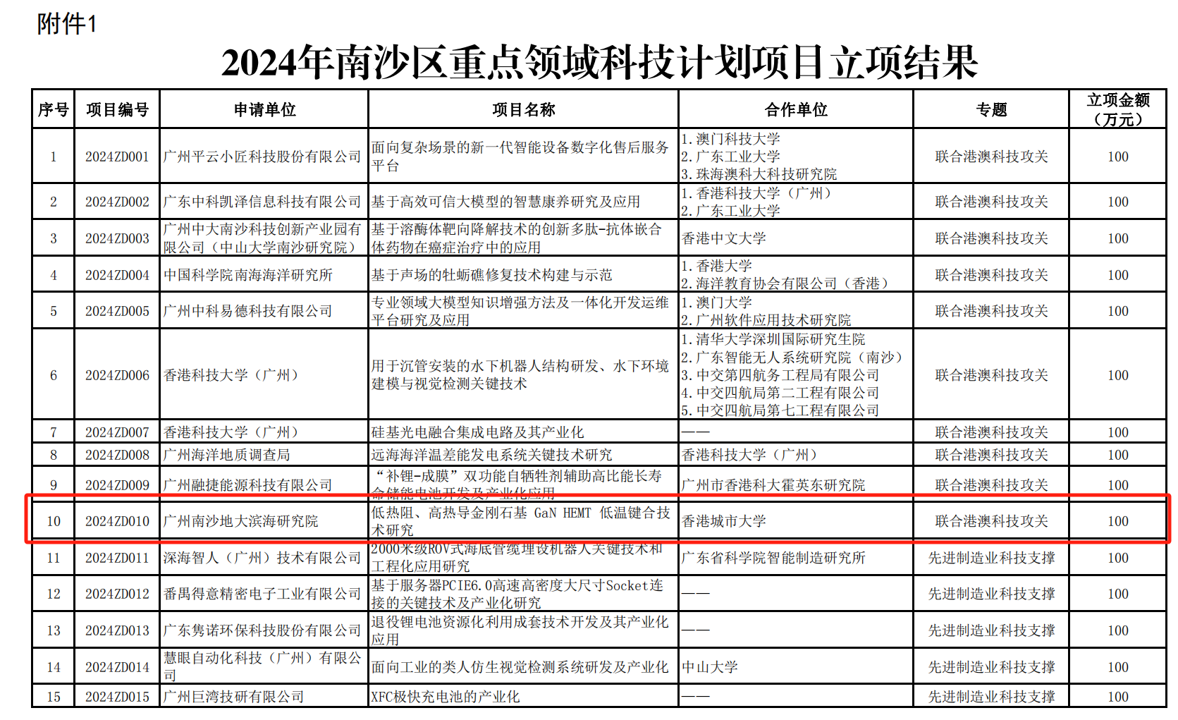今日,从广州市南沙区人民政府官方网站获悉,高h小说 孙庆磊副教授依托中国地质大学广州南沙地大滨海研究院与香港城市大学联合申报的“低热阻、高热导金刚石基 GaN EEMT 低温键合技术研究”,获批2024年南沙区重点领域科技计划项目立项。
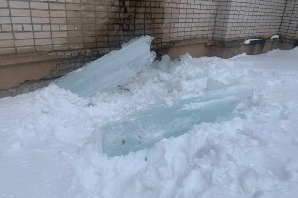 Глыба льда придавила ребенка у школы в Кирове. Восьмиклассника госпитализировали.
━━━━━━━━━━━━━━━━━━━━━━━━━━━━━━
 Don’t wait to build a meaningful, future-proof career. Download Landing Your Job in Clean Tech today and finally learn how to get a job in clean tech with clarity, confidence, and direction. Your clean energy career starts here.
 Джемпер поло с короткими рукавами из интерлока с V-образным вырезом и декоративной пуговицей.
━━━━━━━━━━━━━━━━━━━━━━━━━━━━━━
All that belongs in the answer is the run of lines above from the line containing "Don’t wait to" through the line containing "Джемпер поло с", exactly as written.

● **Result below**
 Don’t wait to build a meaningful, future-proof career. Download Landing Your Job in Clean Tech today and finally learn how to get a job in clean tech with clarity, confidence, and direction. Your clean energy career starts here.
 Джемпер поло с короткими рукавами из интерлока с V-образным вырезом и декоративной пуговицей.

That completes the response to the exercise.